Physical wire fault can be detected by the use of fault-tolerant CAN transceivers. However, at the moment there are only fault-tolerant transceivers for the K-CAN data bus. This means that only control modules that are connected to the K-CAN data bus can have made the fault memory entry "CAN wire fault" The CAN transceiver is also unable to distinguish between the individual fault categories listed below. If the bus fault CAN wire fault is entered in a control module, this can mean:
- Break in wiring CAN High
- Break in wiring CAN Low
- Short circuit CAN High to ground or positive
- Short circuit CAN Low to ground or positive
- Short circuit CAN High to CAN Low

Break in wiring (single-wire operation): each control module contains a separate bus termination.
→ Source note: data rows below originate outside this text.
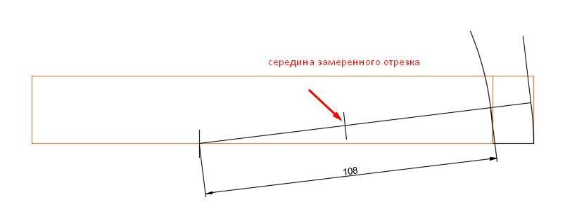 - На середине этой линии сделать перпендикулярную отметку на высоту 1 см.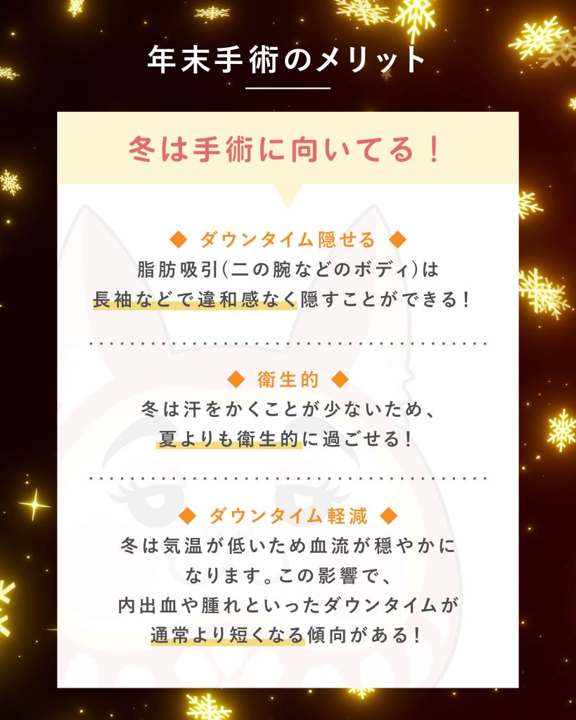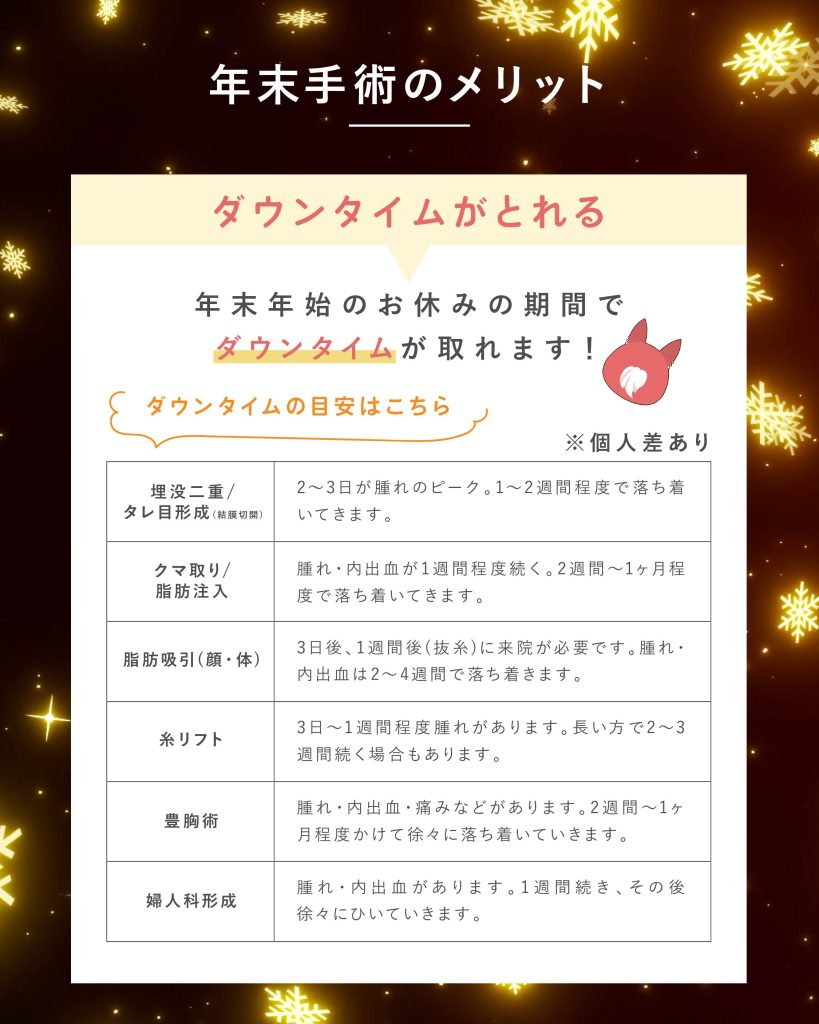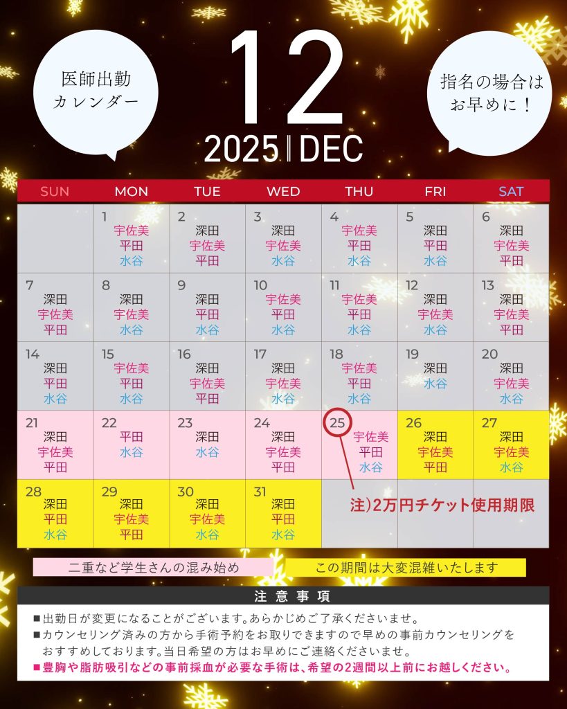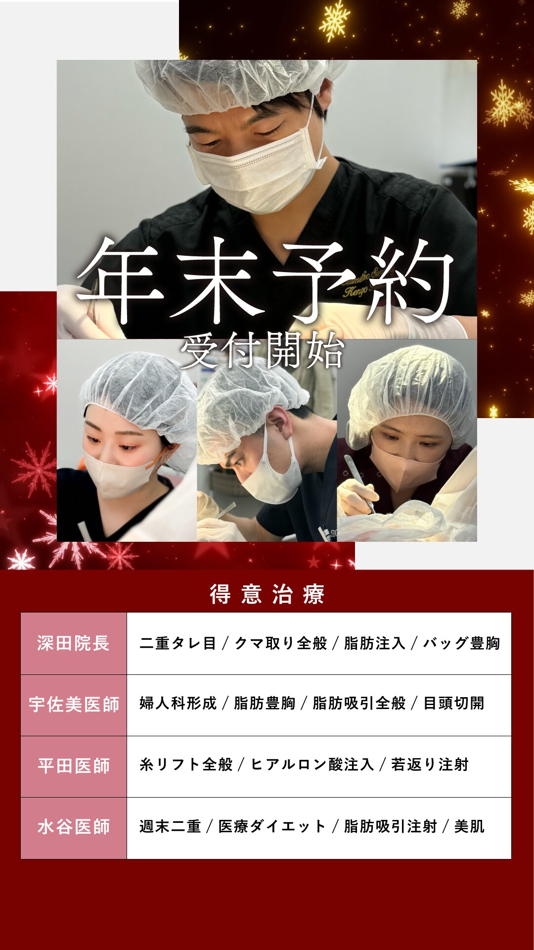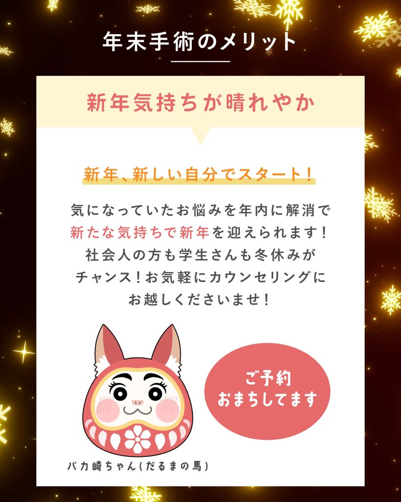 また、年末年始施術は相談当日のご案内が確約できかねますので、施術希望日がある際は前もって事前カウンセリングを受けた上で、年末に施術のみご予約を推奨しております。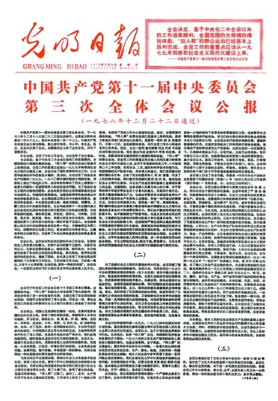 3天后,黨的十一屆三中全會召開。會議宣告:“只有全黨同志和全國人民在馬列主義、毛澤東思想的指導下,解放思想,努力研究新情況新事物新問題,堅持實事求是、一切從實際出發、理論聯系實際的原則,我們黨才能順利地實現工作中心的轉變,才能正確解決實現四個現代化的具體道路、方針、方法和措施,正確改革同生產力迅速發展不相適應的生產關系和上層建筑。”

This means that, even in the case of a break in wiring, the voltage level can be maintained across the entire K-CAN network. The consequence of this is that a transmitting control module does not detect this fault and continues to work in two-wire operation. However, if a control module transmits a message across the break, the receiving control module only detects activity on the undamaged bus line. The receiving control module thus detects single-wire operation and sets the fault "CAN wire fault". If different control modules receive messages across the break, a number of control modules can have made this fault memory entry in single-wire operation.

Short circuit: if there is a short circuit in the system, all K-CAN control modules must have entered the fault "CAN wire fault". In order to localize the short circuit, follow the procedure for "CAN bus without function".